8) İşveren adam işçilerinden bir tanesini işten atmak, ama bunu değişik bir yöntemle yapmak istiyor. Vazoya her ikisine de “Gitsin” yazılmış ve katlanmış iki kâğıt parçası koyduktan sonra, işçiyi çağırıp diyor ki, vazodaki bu iki kâğıttan birinde “Gitsin”, diğerinde ise “Kalsın” yazılmıştır. Sana yüzde 50 şans tanıyorum, kura çek. “Kalsın” çıkarsa kalırsın, “Gitsin” çıkarsa gidersin. İşçi kâğıtların her ikisinde de “Gitsin” yazıldığını biliyorsa, kalmak için ne yapabilir?

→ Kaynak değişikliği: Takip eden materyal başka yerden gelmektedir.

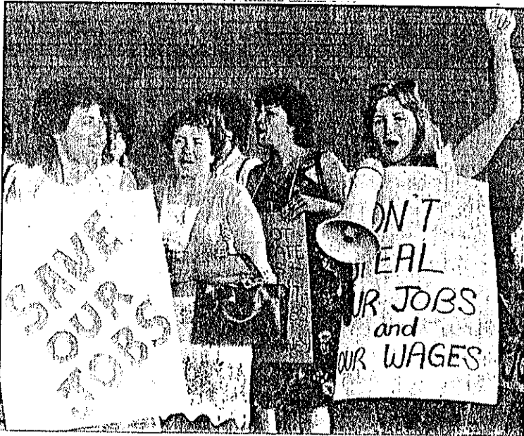
Workers at Woods demonstrate in 1984 to save the firm from closure

IN 1990, WE WENT THROUGH THE SAME THING AT OUR FOUNDING LOCAL, HARDING CARPETS. WE PULLED EVERY STRING WE COULD, SUCCESSFULLY, TO RESCUE THE FIRM FROM THE HANDS OF AMERICAN BUYERS AND THE BANKS. THERE IS NO DOUBT THAT THE WOODS AND HARDING PLANTS ARE STILL IN OPERATION TODAY BECAUSE THE WORKERS HAD THE COURAGE TO FIGHT FOR THEIR JOBS - SOMETHING MORE AND MORE WORKERS MUST BE PREPARED TO DO THESE DAYS.

Not. 6. ve 7. soruların çözümünde “Ben biliyorum ki, sen biliyorsun ki, ben biliyorum…” mantığı kullanılır. Yani çözüm sırasında başkalarının da yerine düşünmemiz gerekmektedir.

PS. Dikkatimi mantık problemlerine çektiğine göre Bilkent Üniversitesinden dostum Farhad Hüsseinov’a, resimlerin çiziminde yardımlarından dolayı, Sakarya Üniversitesinden bölüm arkadaşım Özgür Çiftçi’ye teşekkür ediyorum.

KAYNAKLAR
1) Sait Başer, Toplumsal aklı anlamak, Ataç Yayınları, İstanbul, 2006.
2) E. Beckenbach, R. Bellman, Inequalites, Springer Verlag, Berlin, 1961.
3) J. K. Baif, Mantık problemleri, Mir, Moskova, 1983.
4) R. Courant, H. Robbins, Matematik nedir?, Prosveşeniye, Moskova, 1967.
5) V. D. Çistyakov, Matematikçiler hakkında öyküler, Minsk, 1963.
6) H. Poincare, Bilim hakkında, Nauka, Moskova, 1986.